## EXCERPTED RECORDS

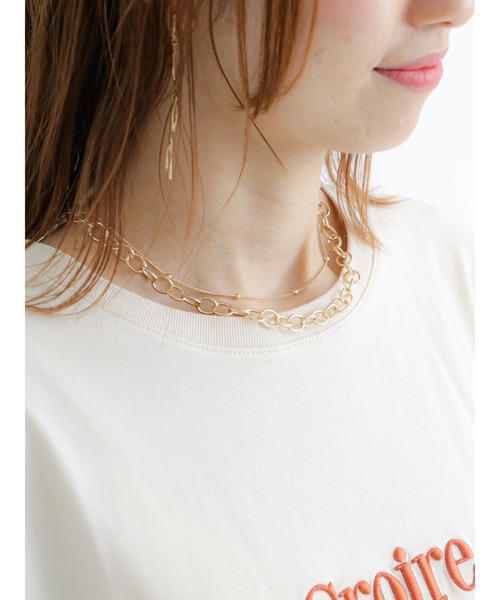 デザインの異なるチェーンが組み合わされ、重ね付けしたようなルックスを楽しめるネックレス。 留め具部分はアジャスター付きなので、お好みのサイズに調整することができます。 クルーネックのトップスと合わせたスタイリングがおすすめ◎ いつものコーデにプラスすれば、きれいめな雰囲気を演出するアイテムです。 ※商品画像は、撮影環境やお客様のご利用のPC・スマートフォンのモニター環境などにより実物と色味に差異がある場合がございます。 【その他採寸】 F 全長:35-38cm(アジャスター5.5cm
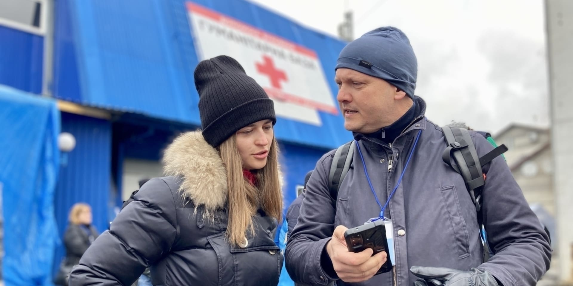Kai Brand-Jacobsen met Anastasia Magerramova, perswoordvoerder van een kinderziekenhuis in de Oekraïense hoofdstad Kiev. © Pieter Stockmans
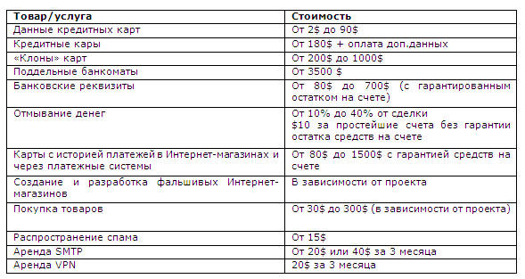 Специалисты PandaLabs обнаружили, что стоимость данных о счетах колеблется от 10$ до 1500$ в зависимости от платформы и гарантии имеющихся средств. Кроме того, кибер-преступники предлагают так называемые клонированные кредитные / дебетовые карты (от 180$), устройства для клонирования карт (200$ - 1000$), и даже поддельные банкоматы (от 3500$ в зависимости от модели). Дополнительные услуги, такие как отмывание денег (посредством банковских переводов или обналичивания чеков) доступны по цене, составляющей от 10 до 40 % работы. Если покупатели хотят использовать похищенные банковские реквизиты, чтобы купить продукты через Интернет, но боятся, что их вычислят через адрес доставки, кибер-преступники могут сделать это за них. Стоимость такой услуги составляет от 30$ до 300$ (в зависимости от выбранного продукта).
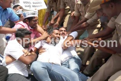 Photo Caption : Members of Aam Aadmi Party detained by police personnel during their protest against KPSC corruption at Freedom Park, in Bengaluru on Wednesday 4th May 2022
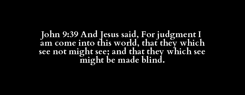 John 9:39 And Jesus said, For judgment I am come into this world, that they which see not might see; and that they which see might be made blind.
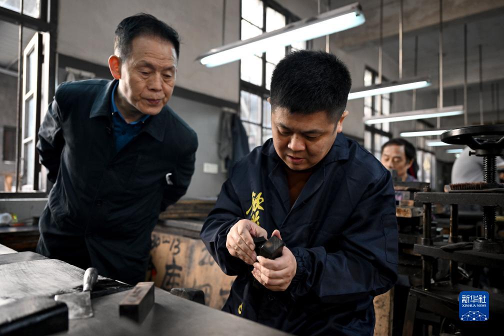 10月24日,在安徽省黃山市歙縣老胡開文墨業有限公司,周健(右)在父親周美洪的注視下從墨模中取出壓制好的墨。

---

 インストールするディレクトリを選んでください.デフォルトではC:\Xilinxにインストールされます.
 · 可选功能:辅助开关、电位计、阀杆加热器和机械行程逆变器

## TASK BRIEF
With the pictures omitted, copy exactly the lines of the listing above starting at the line containing "John 9:39 And" and ending at the line containing "10月24日,在安徽省黃山市", both included.

## TASK OUTPUT
 John 9:39 And Jesus said, For judgment I am come into this world, that they which see not might see; and that they which see might be made blind.
 10月24日,在安徽省黃山市歙縣老胡開文墨業有限公司,周健(右)在父親周美洪的注視下從墨模中取出壓制好的墨。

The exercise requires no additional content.